- THE TASK -
Every line from the opening of the records to the line with "72780396 Simonswald Schwarzwaelderbauernhof" should be restated exactly, with both ends included and the pictures left out.

─── STORED DATA ───

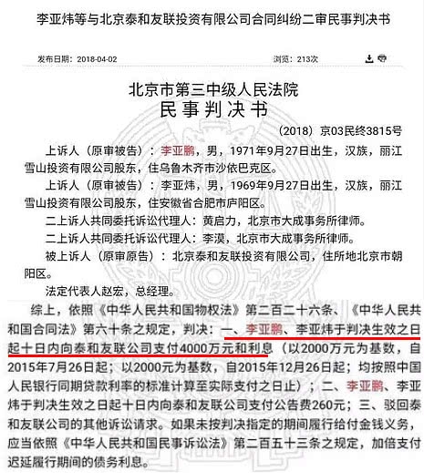 後來李亞鵬麗江雪山投資有限公司被告,被法院要求賠償4000萬。(判決書傳送門)
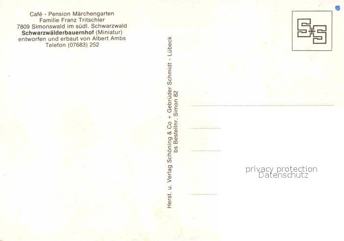 72780396 Simonswald Schwarzwaelderbauernhof Miniaturpark Cafe Pension Maerchengarten postalisch nicht gelaufen Erhaltung siehe scans [FriedD77] KatCode: 11110008316042
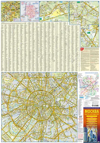 "Формат 696х996, в сложенном виде 116х250 мм.Обновленная карта выполнена в масштабе 1:45 000 ( 1 см на карте - 440 м на местности)..Центральная часть (в пределах Третьего Транспортного кольца) представлена в масштабе 1:24 000 ( 1см – 240 м) с полной организацией движения..Карта предназначена для пространственной ориентировки в пределах МКАД, наиболее удобна при планировании поездок между частями города:.• четко выделены главные городские магистрали и их инфраструктура..• даны схемы движения транспорта, развязки и наиболее сложные пересечения магистралей..• показаны и подписаны все улицы, состоящие на официальном учете..• представлена новая схема метро со станциями пересадок на МЦК. .Фальцовк
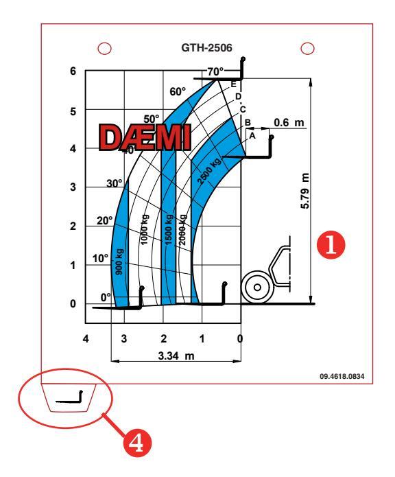 Umferðargagnaplatan er sett á grindina hægra megin að framan (aðeins á lyfturum fyrir Ítalíumarkað). Þessi plata sýnir gögn varðandi umferð og þyngdir viðkomandi tegundar af lyftara.
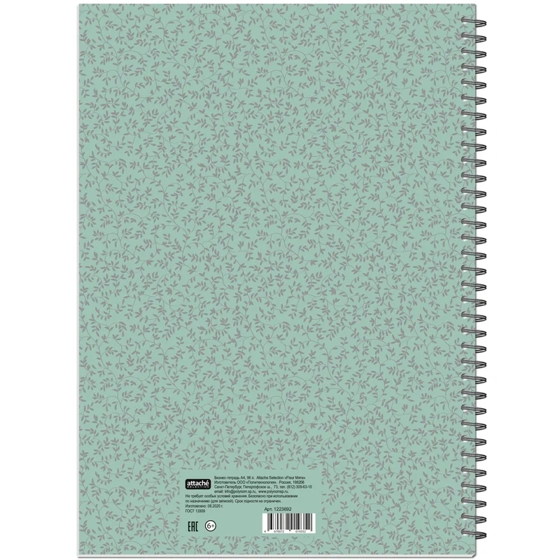 Бизнес тетрадь Attache Fleur Мята, А4, 96 листов, в точку, на спирали, картон
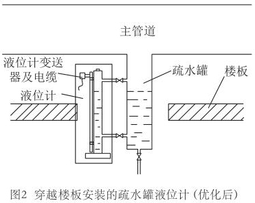 液位計測量桿反向安裝后,變送器和接線盒位于樓板上部,反裝后示意圖如圖2所示。維護(hù)時變送器位于接近地面的位置,易于到達(dá),不存在高處作業(yè)風(fēng)險,不需要搭建腳手架,工作流程也能得到簡化。
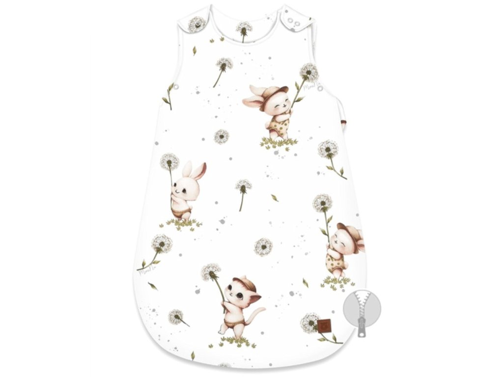 Spací vak, bavlna, 74 cm, Kocúrik a púpava - biela
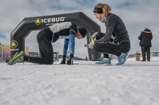 Låter du dig tvivla på om isen kommer hålla, eller om skorna kommer att få grepp? När bussen kör in mot startområdet öppnar ögonen upp sig likt ett panoramafönster och bansträckningen breder ut sig över sjön. Vi hinner knappt ut ur bussen när löpare likt turister som vi är fångar upp mobilen ur fickan och förevigar minnet. Det är en klarblå vinterdag och solens strålar omfamnar oss med nu bara ett par minus i luften.
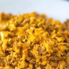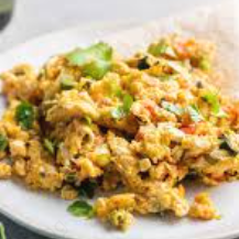 Huevo revuelto guisado con cebolla, jitomate y chile verde picado. Va acompañado de frijoles y bolillo.
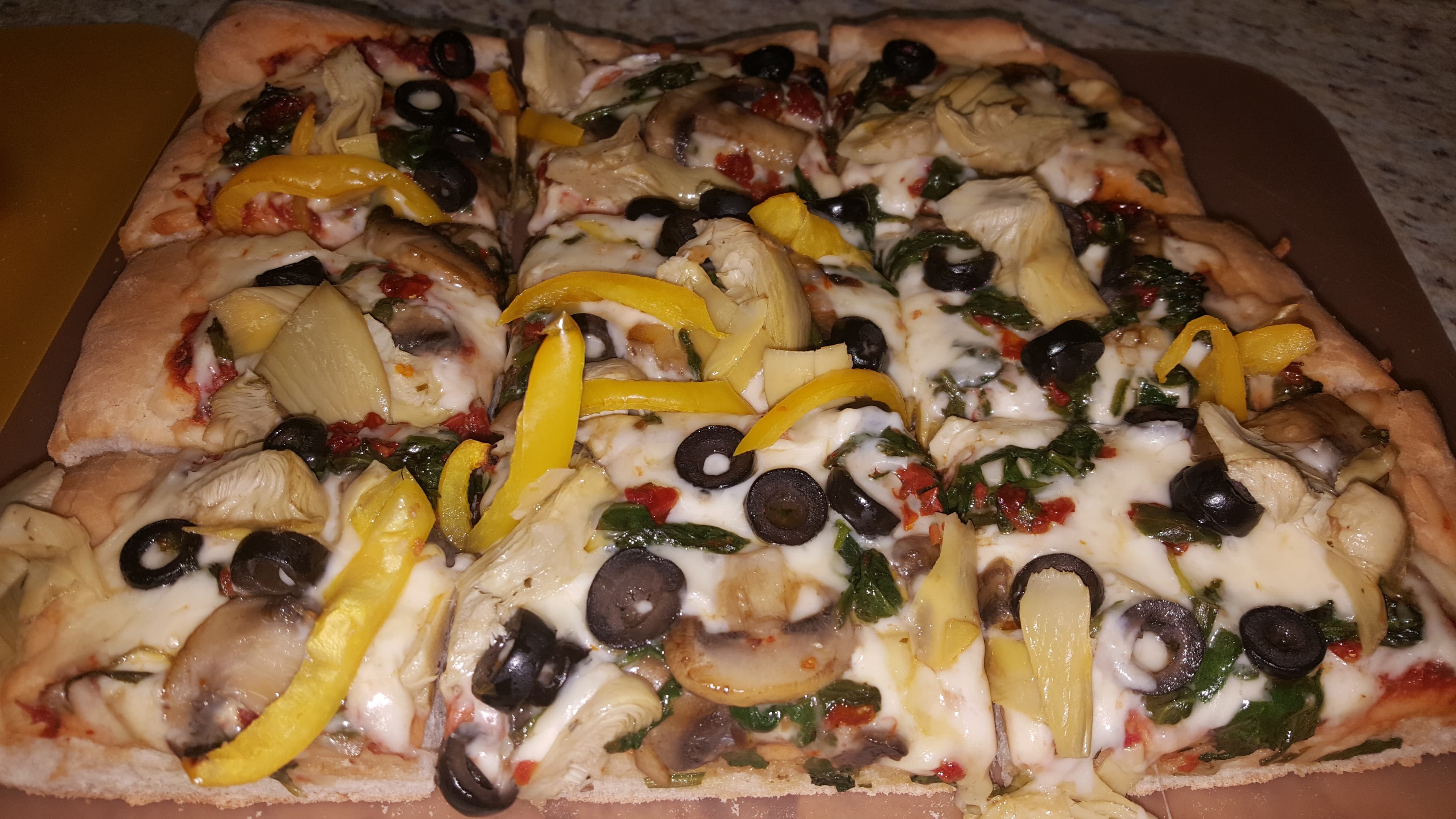 Pickled Artichokes, Sun-dried Tomatoes, Mushrooms, Black Olives, Spinach, Pizza Sauce with added fresh chopped Garlic and herbs (Parsley and Basil), Yellow Pepper and two Cheeses (Mozzarella and White Cheddar).

───

- ANSWER BOX -
 後來李亞鵬麗江雪山投資有限公司被告,被法院要求賠償4000萬。(判決書傳送門)
 72780396 Simonswald Schwarzwaelderbauernhof Miniaturpark Cafe Pension Maerchengarten postalisch nicht gelaufen Erhaltung siehe scans [FriedD77] KatCode: 11110008316042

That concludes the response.